Stored entries:
Start of Block

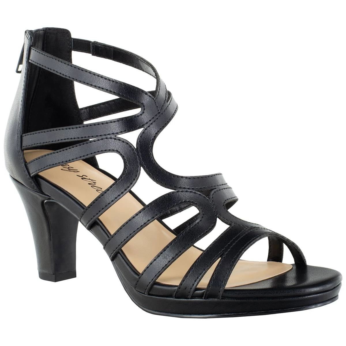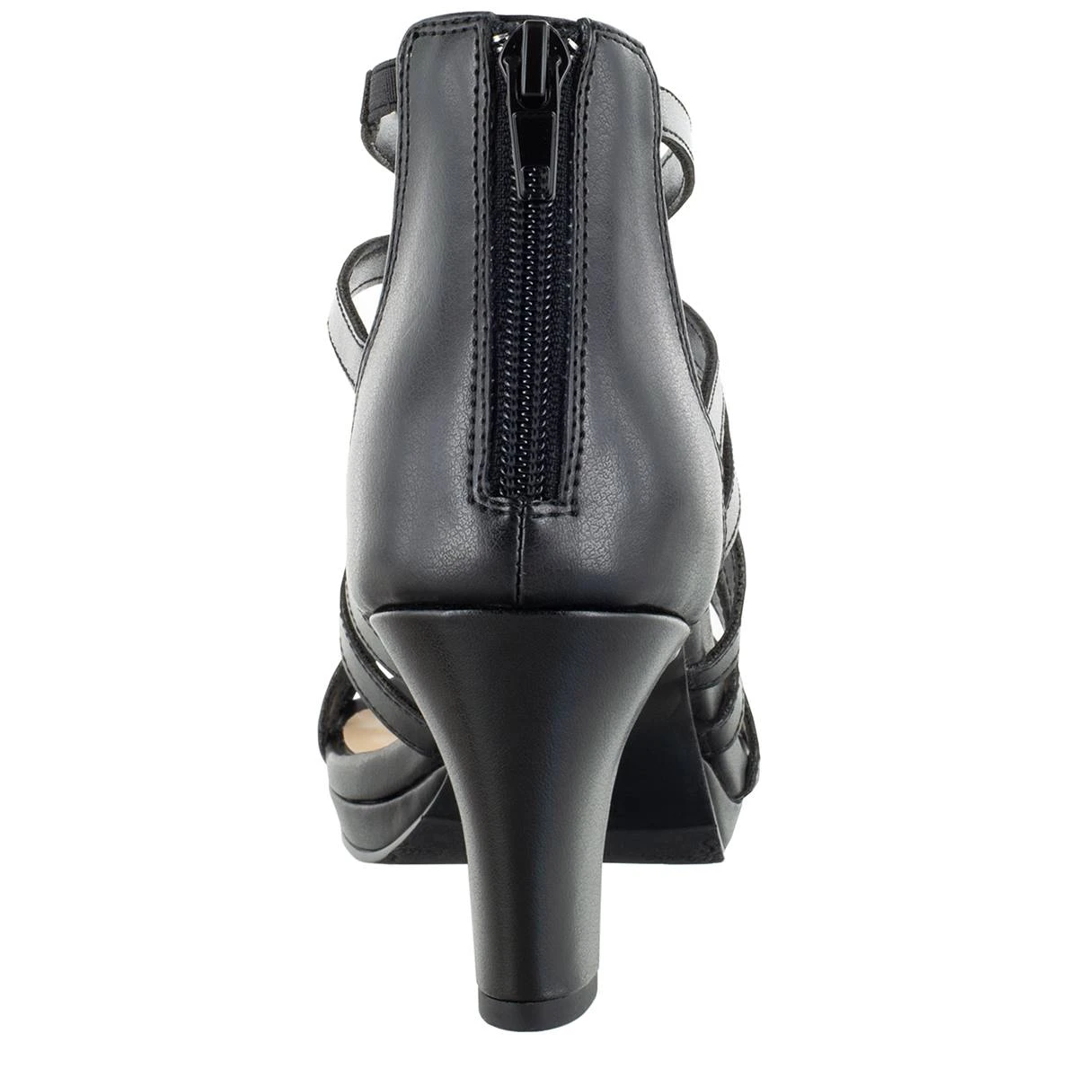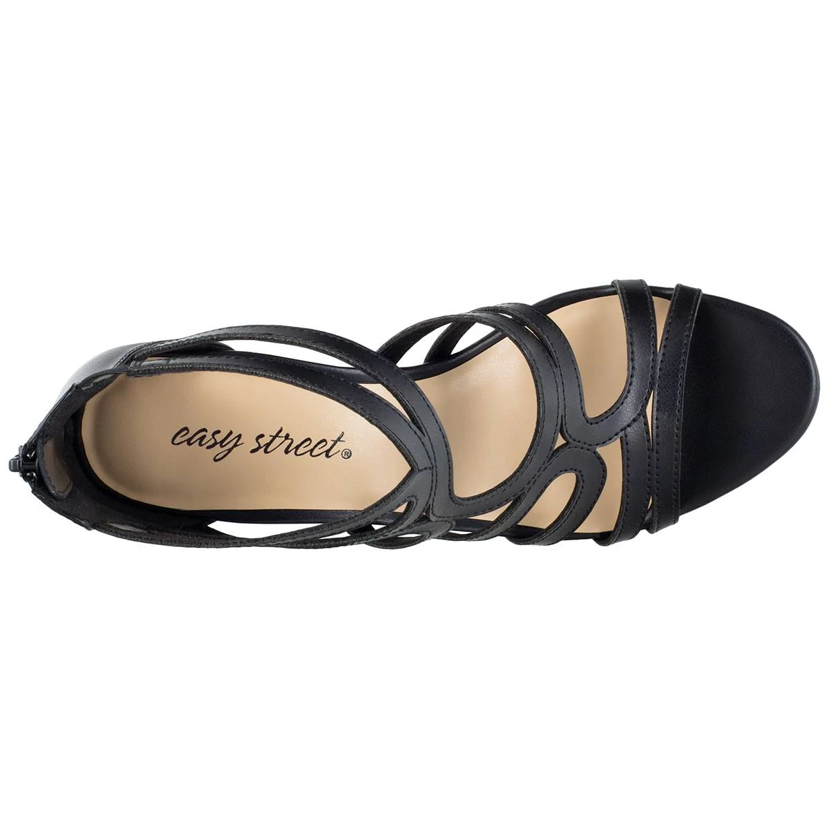 Fashion at it’s best, the Womens Easy Street Elated open toe glitter dress sandals are designed with a wearable platform and sexy strappy design. This style will give you the confidence to go out on the town, with a convenient back zipper, gored strap, and padded sock to ensure comfort and style all in one. These heels feature a synthetic lining, super soft padded insole, and easy flex outsole.Also available in Narrow and Wide Widths.
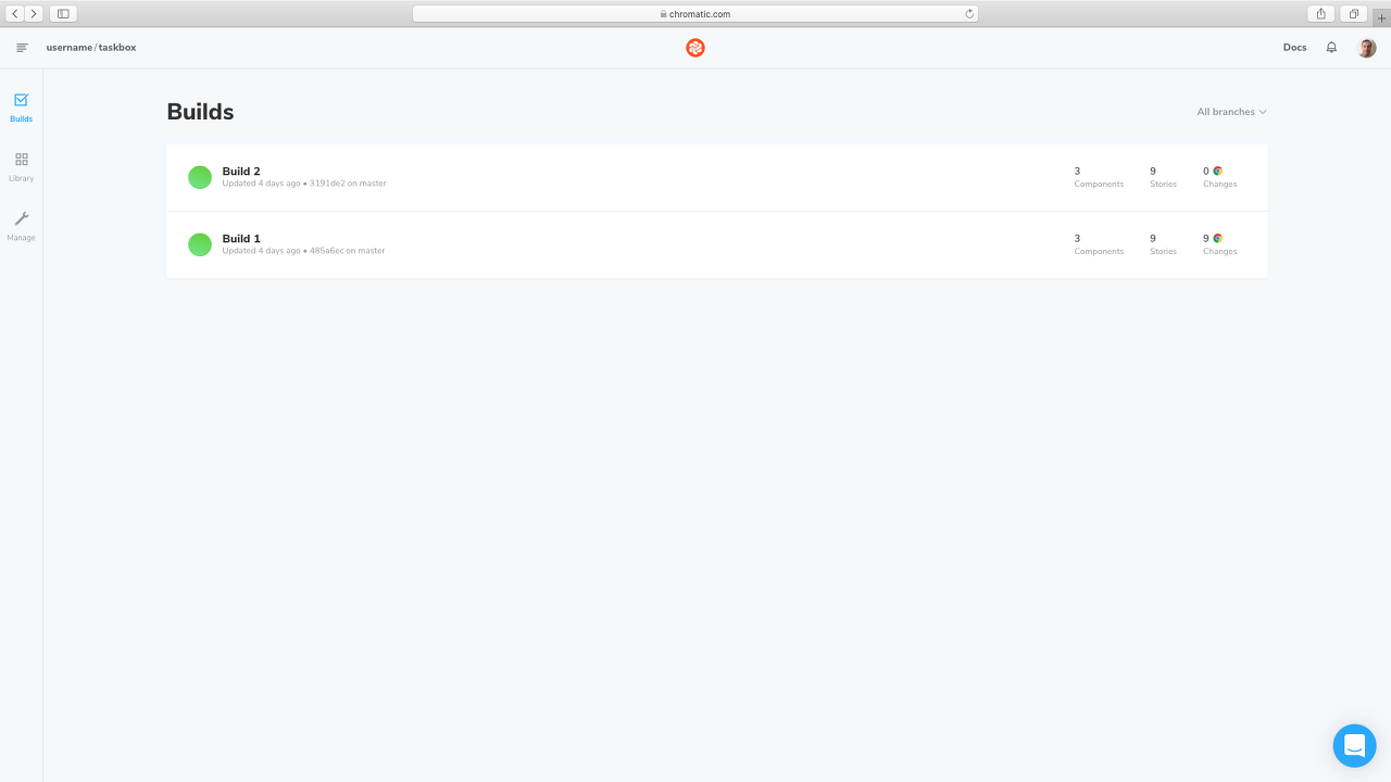 깃허브 action을 설정하면 코드를 push할 때마다 스토리북이 크로마틱에 배포될 것입니다. 크로마틱의 프로젝트 빌드 화면에서 배포된 모든 스토리북을 보실 수 있습니다.
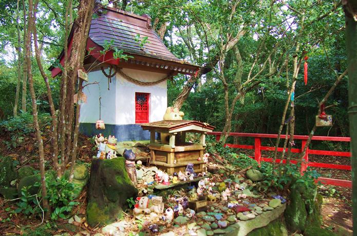 木々に囲まれた神社では、その周りに猫のグッズや置物がお供えされています。
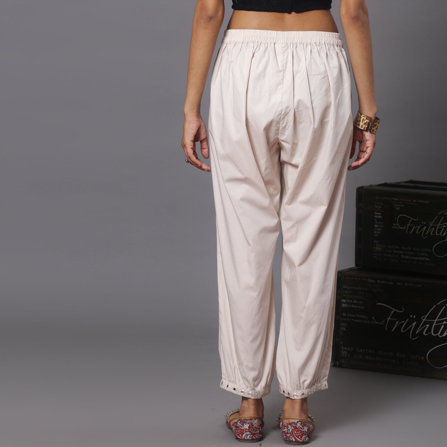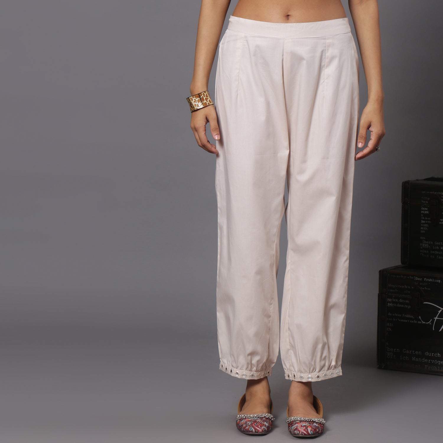 Off-white harem Pants with mirror detailing at the bottom. A summer classic which will pair well with all your kurtas
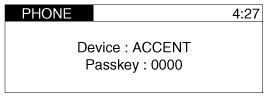 3. The audio displays "Device : [ACCENT] Passkey: 0000"
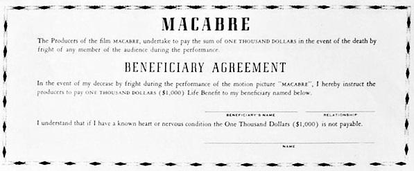Castle filmlerine daha fazla seyirci çekmek için farklı reklam denemeleri yapmaya başlaması Macabre ile başlamış. Küçük bir Amerikan kasabasında geçen klasik bir korku/gerilim türünde olan film için Castle, bir sigorta şirketi ile anlaşma yapmış. Filmin bilet satış noktasında seyircilere bilet ile beraber aynı zamanda Lloyd's of London adlı sigorta şirketinden bin dolarlık hayat sigortası verilmiş. Bunun nedeni ise eğer film sırasında korkudan biri ölürse bu hayat sigortasından faydalansın diye. Castle filminin ne kadar korkunç olduğunu daha film başlamadan seyirciye hissettirmiş.

End of Block

## [About this task]
Can the lines from the one with "깃허브 action을 설정하면" to the end of the records above be quoted exactly, both ends included, with every picture omitted?

## [Task result]
 깃허브 action을 설정하면 코드를 push할 때마다 스토리북이 크로마틱에 배포될 것입니다. 크로마틱의 프로젝트 빌드 화면에서 배포된 모든 스토리북을 보실 수 있습니다.
 木々に囲まれた神社では、その周りに猫のグッズや置物がお供えされています。
 Off-white harem Pants with mirror detailing at the bottom. A summer classic which will pair well with all your kurtas
 3. The audio displays "Device : [ACCENT] Passkey: 0000"
Castle filmlerine daha fazla seyirci çekmek için farklı reklam denemeleri yapmaya başlaması Macabre ile başlamış. Küçük bir Amerikan kasabasında geçen klasik bir korku/gerilim türünde olan film için Castle, bir sigorta şirketi ile anlaşma yapmış. Filmin bilet satış noktasında seyircilere bilet ile beraber aynı zamanda Lloyd's of London adlı sigorta şirketinden bin dolarlık hayat sigortası verilmiş. Bunun nedeni ise eğer film sırasında korkudan biri ölürse bu hayat sigortasından faydalansın diye. Castle filminin ne kadar korkunç olduğunu daha film başlamadan seyirciye hissettirmiş.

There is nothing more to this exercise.